I took several approaches - including the Xpath from the browser - and modified them.
The examples should point to the same location, as long as my understanding of the XPath syntax is correct.
And there is another question:
With the Extract Content, how yould you extract attributes from an element, in this case e.g. a title="xxx"?)
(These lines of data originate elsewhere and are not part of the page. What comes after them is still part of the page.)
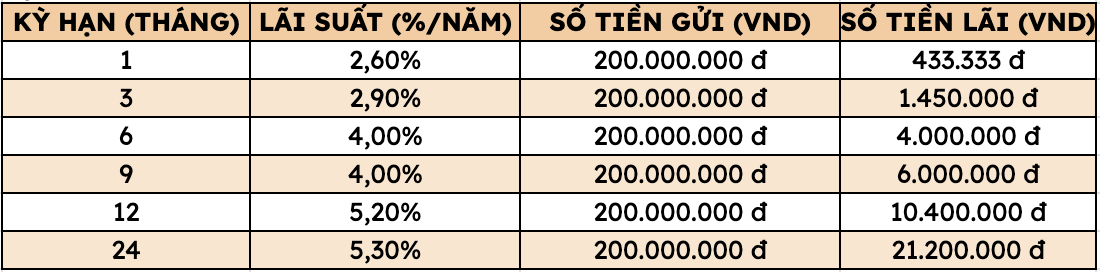 Thus, depositing 200 million VND at Agribank, customers can receive the highest interest rate as follows (applied to individual customers depositing directly at the counter):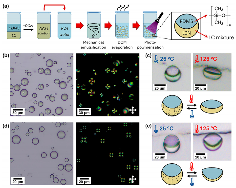 图3 双相乳液制备的液晶网络(LCN)微执行器。(a) 用于制备双相液晶/聚二甲基硅氧烷(PDMS)乳液液滴的批量乳化法及相关组分示意图。(b) Janus 液滴在明场(左)和正交偏振光(右)下的偏振光学显微镜(POM)图像,显示 LCN 半球为单极取向结构。(c) 具有单极液晶取向的 Janus 型 LCN 颗粒的热致驱动行为,从类球形可逆转变为扁球形。(d) Janus 液滴在明场(左)和正交偏振光(右)下的偏振光学显微镜(POM)图像,显示 LCN 半球为径向取向结构。(e) 径向取向 Janus 颗粒的热致驱动行为,形成 PDMS 相包裹于 LCN 半球内的花瓶状形变。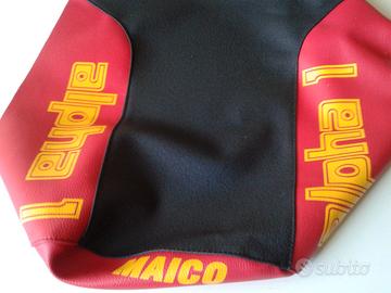 Copertina sella copri sella fodera sella per moto Maico modelli cross e regolarità/enduro dal 1970 al 1987 replicate dall'originale con vinili di qualità e serigrafie professionali, in versione come originale o bicolore antiscivolo.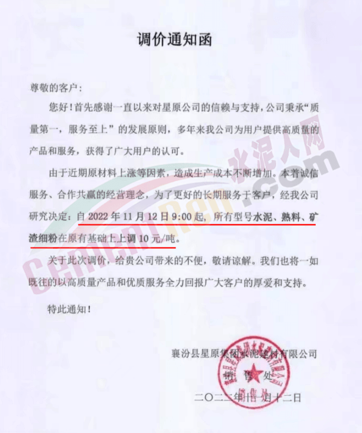 山西臨汾襄汾縣星原集陽水泥建材有限公司通知,由于近期原材料上漲等因素,造成生產(chǎn)成本不斷增加。經(jīng)公司研究決定,自2022年11月12日9:00起,所有型號(hào)水泥、熟料、礦渣細(xì)粉在原有基礎(chǔ)上上調(diào)10元/噸。

I'd like to get specific elements and not text blocks.
Kurt
hi @kludikovsky - so there are many ways to extract content from HTML block code in RapidMiner. Extract Content is useful if you are trying to pull out the content of a web page and not something tagged like an href or whatever. In this case, my personal preference in this situation is to parse the code using various string operations in the Generate Attributes function operator. To get the title of that web page, I would do something like this:
There are probably a half dozen other operators to do this content extraction - from the Text Processing extension, the Web Mining extension, or just using core components like I did above. Take your pick.
Scott
I reopen this post because I've been trying to use XPaths without success. I have simple XPath expressions that work with Scrapy, like '//h2/a/text()' but doesn't in operators like Cut Documents or Extract Information.
I can find the expressions relatively easy with the Scrapy shell and my web browser (inspect element...). But if I can't use them in RM, they are useless. Any kind of guide on the matter?